After the trial testimony concluded, the Division informed the court in April 2007 that it had just discovered the foster father had been arrested in November 2006 and charged with the fourth-degree crime of resisting arrest, contrary to 2C:29-2a(1); the disorderly persons offense of impersonating a police officer, contrary to 2C:28-8; and the petty disorderly persons offense of improper behavior, contrary to 2C:33-2a(1). After an argument with his wife, he had left the home for three days, sleeping in his car and drinking alcohol. A bar refused to serve him in such an intoxicated state which led to his confrontation with the police. He had been accepted into a Pre-trial Intervention Program and completed alcohol counseling. The Division retained a new expert who opined that the foster father did not pose a risk to any children in his care.
After a four day trial at which E.R.D. chose not to testify, Judge Spatola found that the Division established by clear and convincing evidence that termination was warranted. In so concluding, the judge also found that severing the bond between the child and her foster parents in these circumstances would cause profound harm to B.S.D. See In re Guardianship of J.C., 129 N.J. 1, 18 (1992); New Jersey Division of Youth and Family Services v. B.G.S., 291 N.J. Super. 582, 592 (App. Div. 1996). The judge also found that E.R.D. would be unable to assist his daughter in healing from the trauma of separation from her foster parents. The judge relied on the testimony of Division caseworker Valerie Talmadge and Dr. Leslie Williams, as well as the Division's extensive records and other reports in reaching her conclusions.

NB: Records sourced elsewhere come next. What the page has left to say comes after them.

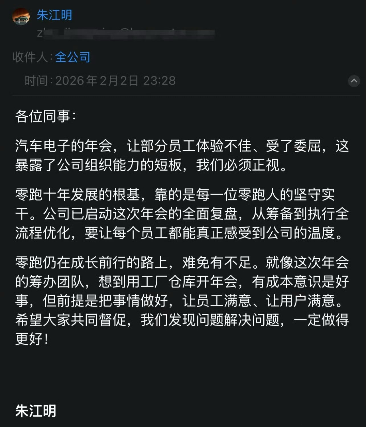 零跑这波算拎得清,年会仓库办被吐槽,但确实没顾到员工感受,不过回应快还诚恳,而且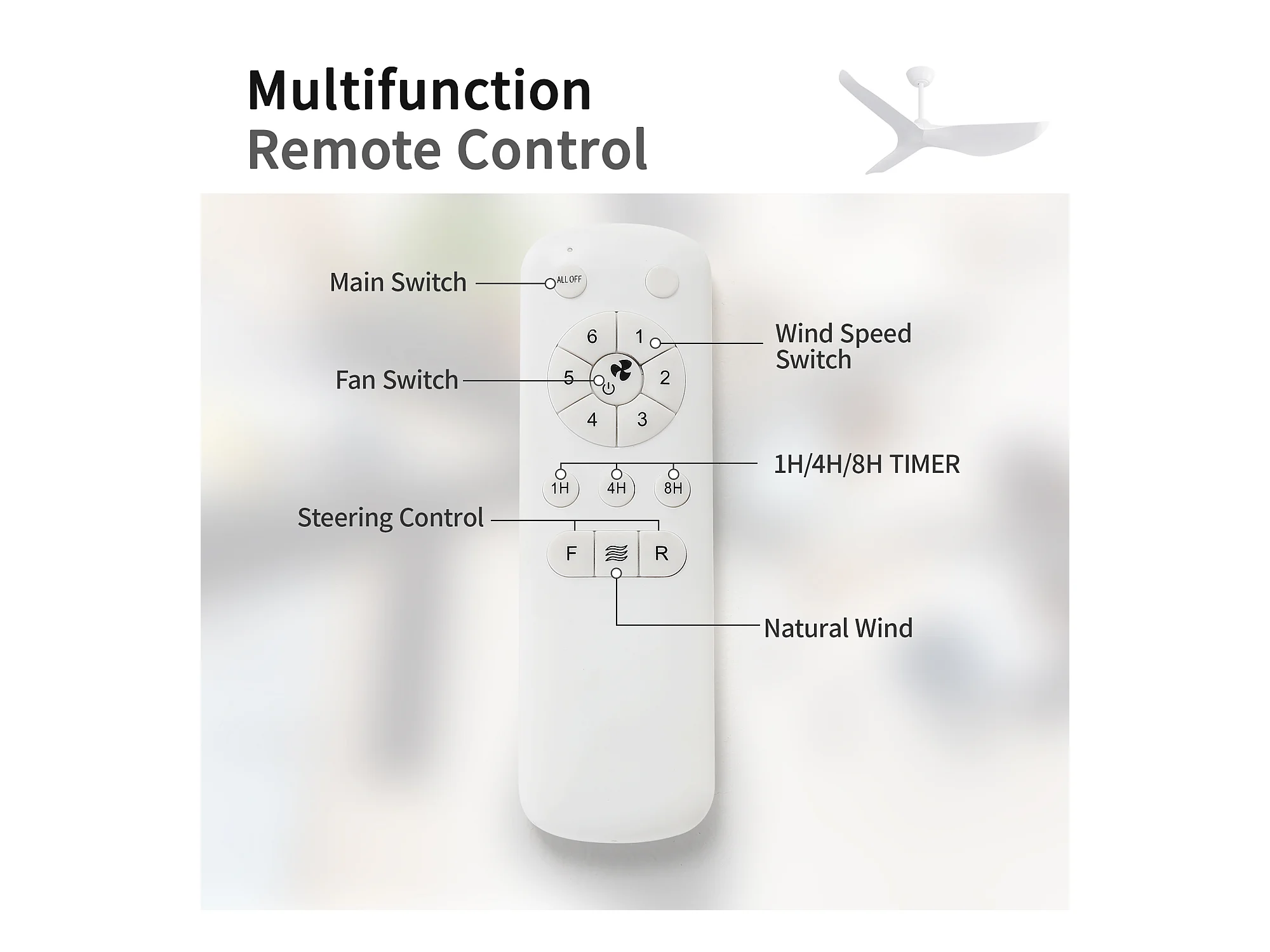 Ventilatore da soffitto a 3 pale da 96,5 cm con telecomando, 6 velocità e timer regolabile, motore DC reversibile, bianco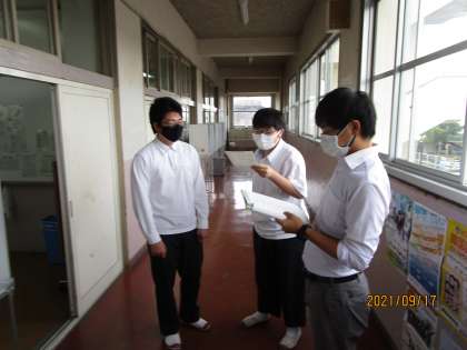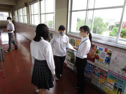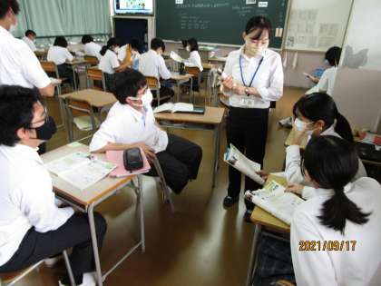 今日のめあてである「英語で道順を聞いて英語で教える」パフォーマンステストしているところです。A評価が欲しくて何度もチャレンジする生徒がいました。すばらしい。

After hearing the testimony, the trial court rendered a decision on the record in which it reviewed the case history and analyzed the four factors for termination of parental rights articulated in New Jersey Division of Youth and Family Services v. A.W., 103 N.J. 591, 612 (1986) and codified in N.J.S.A. 30:4C-15.1. The court concluded that the Division clearly and convincingly demonstrated all four factors and E.R.D.'s parental rights were terminated, allowing the foster parents to adopt the child. The trial court's findings and conclusions are amply supported by the record.